- **Supplied data**:
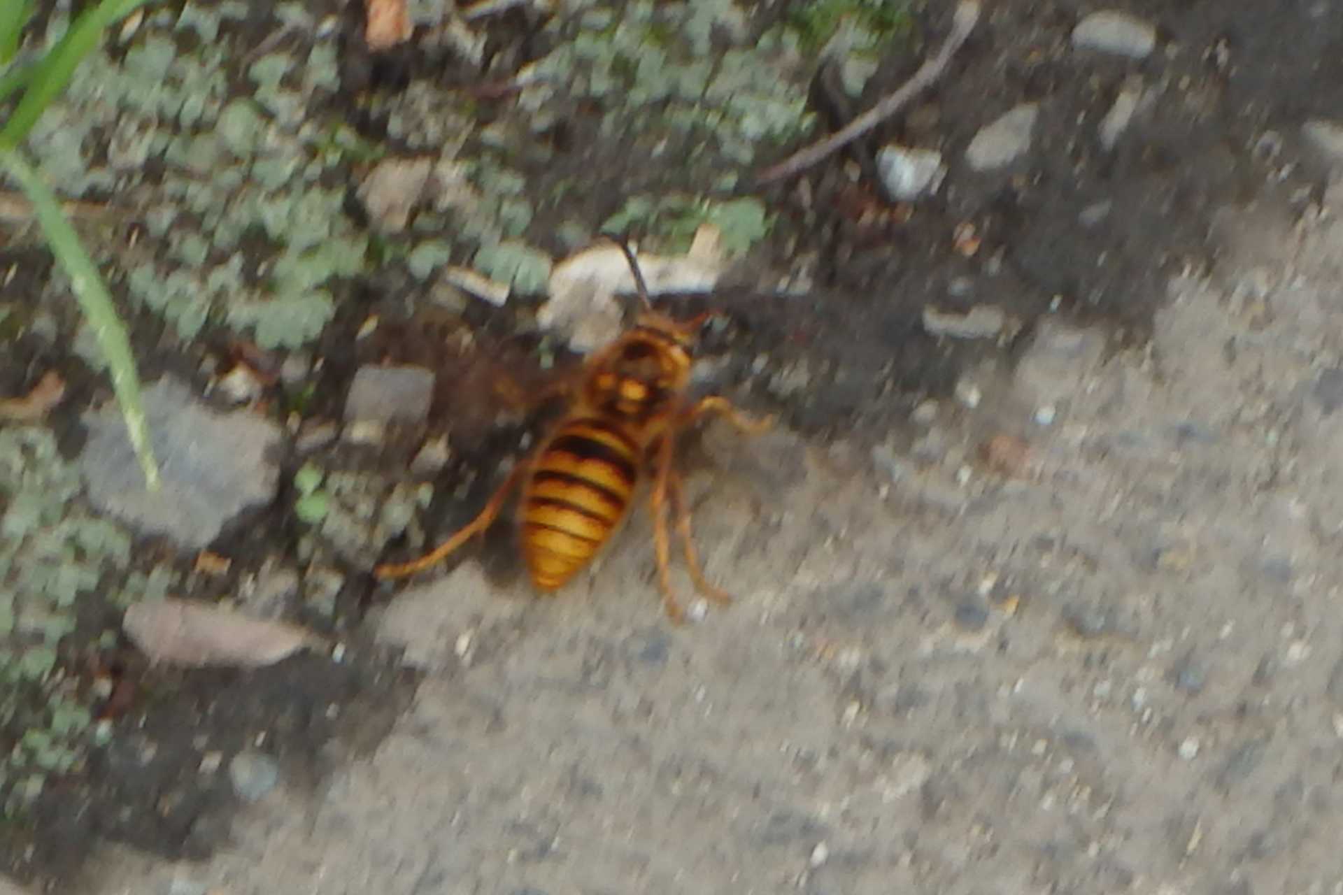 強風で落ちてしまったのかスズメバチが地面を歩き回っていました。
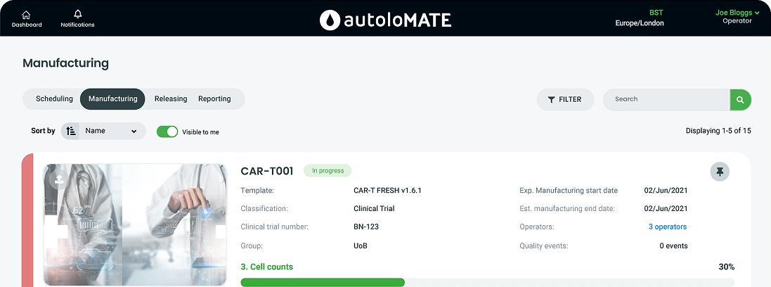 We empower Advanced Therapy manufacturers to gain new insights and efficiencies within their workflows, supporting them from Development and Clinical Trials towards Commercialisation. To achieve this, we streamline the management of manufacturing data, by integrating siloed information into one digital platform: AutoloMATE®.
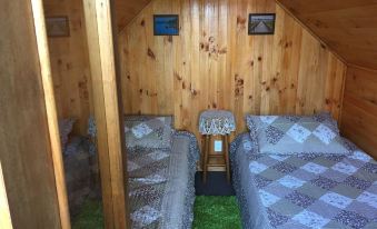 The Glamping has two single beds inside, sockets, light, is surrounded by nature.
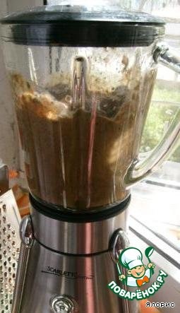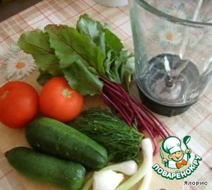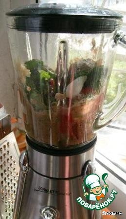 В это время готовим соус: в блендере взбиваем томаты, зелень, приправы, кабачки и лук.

- **Problem to work on**:
When you write out the material again, keep every word exact and omit the pictures.

- **Your solution**:
 強風で落ちてしまったのかスズメバチが地面を歩き回っていました。
 We empower Advanced Therapy manufacturers to gain new insights and efficiencies within their workflows, supporting them from Development and Clinical Trials towards Commercialisation. To achieve this, we streamline the management of manufacturing data, by integrating siloed information into one digital platform: AutoloMATE®.
 The Glamping has two single beds inside, sockets, light, is surrounded by nature.
 В это время готовим соус: в блендере взбиваем томаты, зелень, приправы, кабачки и лук.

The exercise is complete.